Malgré les tentatives de négociations avec les industriels, les producteurs constataient, en mai 2009, « un échec total » des discussions. De quoi exacerber les tensions et multiplier les manifestations.
La FNPL avait néanmoins arraché un accord le 5 juin pour un prix de base de 280 €/1 000 l. Un accord considéré comme une trahison pour bon nombre de producteurs qui ne croyaient plus à l’action de la FNPL en particulier, et des syndicats en général. Ces mêmes producteurs ont rejoint l’Apli.
Le 10 septembre 2009, en l’absence de nouvelles avancées, la grève du lait était lancée, à l’appel de l’Apli, mais aussi de l’OPL, la branche laitière de la Coordination rurale, suivie hors de France par neuf syndicats agricoles européens, mais sans le soutien de la FNSEA, qui s’opposait fermement à l’action.
Pris à partie par des centaines d’éleveurs en colère, Jean-Michel Lemétayer, alors président de la FNSEA, mais aussi du Space, vivra une édition 2009 du salon très mouvementée.
La grève du lait durera 15 jours. « La classe politique bouge. Nous allons pour l’instant suspendre un des éléments de notre révolte », indiquait Pascal Massol, le leader de l’Apli, le 25 septembre.
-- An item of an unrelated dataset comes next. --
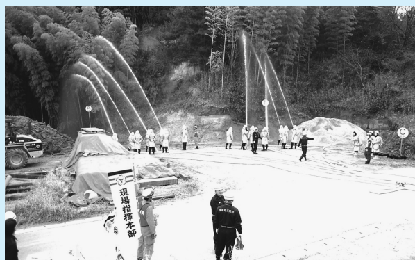
日ごろの訓練が迅速な消火活動につながります

現場に駆けつけた消防団員は、本団の指令のもと、同池からポンプに吸水し、迅速な消火活動を展開しました。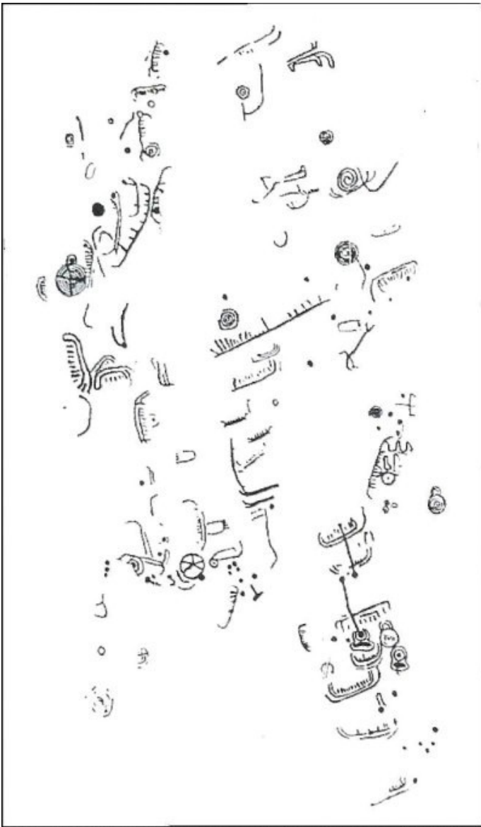
Helleristningsfelt fra Nedre Tasta i skråningen ned mot Stokkavannet.

Des lignes ont bougé, mais bien plus lentement que souhaité
Dix ans après, que reste-t-il de cet épisode ? Cette mobilisation sans précédent dans l’histoire de la filière laitière française a-t-elle fait bouger le cadre du marché laitier européen ?
Avec son partenaire européen European Milk Board dont elle est membre depuis sa création, l’Apli revendiquait une reprise en main, par les producteurs, de la gestion de la production laitière à l’échelle française et européenne, via son partenaire européen. L’association a cherché à remplacer le Cniel, dans lequel seule la FNPL était présente, par l’Office du lait, une interprofession où tous les syndicats auraient eu leur place. Mais l’Office du lait s’est transformé en trois OP transversales d’envergure régionales – France Milkboard Normandie, Grand Ouest et Sud-Ouest – regroupant moins de 600 producteurs à eux trois.
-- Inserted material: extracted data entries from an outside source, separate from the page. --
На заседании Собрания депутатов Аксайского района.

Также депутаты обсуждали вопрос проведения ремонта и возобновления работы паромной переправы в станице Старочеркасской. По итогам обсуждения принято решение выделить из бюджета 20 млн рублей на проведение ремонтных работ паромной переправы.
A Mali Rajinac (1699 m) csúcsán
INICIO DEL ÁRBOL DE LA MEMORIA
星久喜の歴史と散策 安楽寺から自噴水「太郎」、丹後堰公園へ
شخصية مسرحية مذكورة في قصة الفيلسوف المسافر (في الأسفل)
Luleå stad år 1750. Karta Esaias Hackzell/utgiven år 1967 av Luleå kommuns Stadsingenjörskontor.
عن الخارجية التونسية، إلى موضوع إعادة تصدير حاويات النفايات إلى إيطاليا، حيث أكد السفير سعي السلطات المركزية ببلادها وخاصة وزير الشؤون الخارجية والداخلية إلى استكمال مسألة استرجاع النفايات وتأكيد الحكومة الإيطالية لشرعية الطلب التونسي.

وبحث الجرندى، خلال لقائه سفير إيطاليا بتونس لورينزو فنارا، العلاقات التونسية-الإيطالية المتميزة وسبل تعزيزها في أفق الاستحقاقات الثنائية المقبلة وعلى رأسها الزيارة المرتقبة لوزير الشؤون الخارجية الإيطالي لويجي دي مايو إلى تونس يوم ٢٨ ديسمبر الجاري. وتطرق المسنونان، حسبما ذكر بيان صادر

« Des choses ont un peu bougé, mais pas autant que nous l’aurions souhaité », analyse André Lefranc. « Pour moi, personnellement, ce n’est pas un échec. Mais, en septembre 2009, nous avons été trop humains en croyant que les choses bougeraient très vite au niveau européen. »
L’éleveur regarde dans le rétroviseur avec une certaine amertume. « En entamant la grève du lait et en embarquant avec nous autant de producteurs, nous avions fait le plus dur. Il nous restait le plus facile : tenir 15 jours de plus pour obtenir gain de cause. Nous avions toutes les cartes en main. Nous aurions dû continuer jusqu’à ce que la Commission européenne nous permette de mettre en place des OP très rapidement, avec une garantie d’un prix régulier. »
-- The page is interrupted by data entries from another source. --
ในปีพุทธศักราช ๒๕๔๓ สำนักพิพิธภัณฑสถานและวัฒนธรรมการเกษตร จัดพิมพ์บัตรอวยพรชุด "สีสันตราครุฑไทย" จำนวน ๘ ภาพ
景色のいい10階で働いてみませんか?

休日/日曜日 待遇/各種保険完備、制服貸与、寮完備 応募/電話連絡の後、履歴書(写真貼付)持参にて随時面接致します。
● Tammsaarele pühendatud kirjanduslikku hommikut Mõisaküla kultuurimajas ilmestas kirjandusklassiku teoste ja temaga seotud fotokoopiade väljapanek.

Ceci dit, le mouvement initié par l’Apli a fortement contribué à faire bouger les lignes européennes pour le regroupement des producteurs, mais bien plus lentement que n’espéraient les éleveurs.
« On voulait changer le système, résume André Lefranc. Il s’améliore, mais il y a toujours des crises. Depuis 10 ans, les événements ont démontré que nous avions raison. »
Malgré ces regrets, l’éleveur compte bien « fêter » le dixième anniversaire de la grève du lait. Après s’être retiré de son engagement au sein de l’Apli, l’éleveur s’est concentré sur un projet personnel dès 2010 : il a converti son exploitation en production biologique, et a développé la transformation à la ferme pour fabriquer, avec son lait, des caramels.
Depuis 2010, l’éleveur enregistre une progression annuelle à deux chiffres des ventes de ses « cara-meuh ». Il a même fait évoluer ses portes ouvertes annuelles en véritable « cara-meuh festival », avec découverte de la ferme, groupes de musique, animations et conférences. La troisième édition, qui se déroulera sur deux jours, sera une édition spéciale « 10 ans après la grève du lait ». « Ce sera un événement festif ». Plusieurs éleveurs acteurs de la grève du lait devraient s’y retrouver.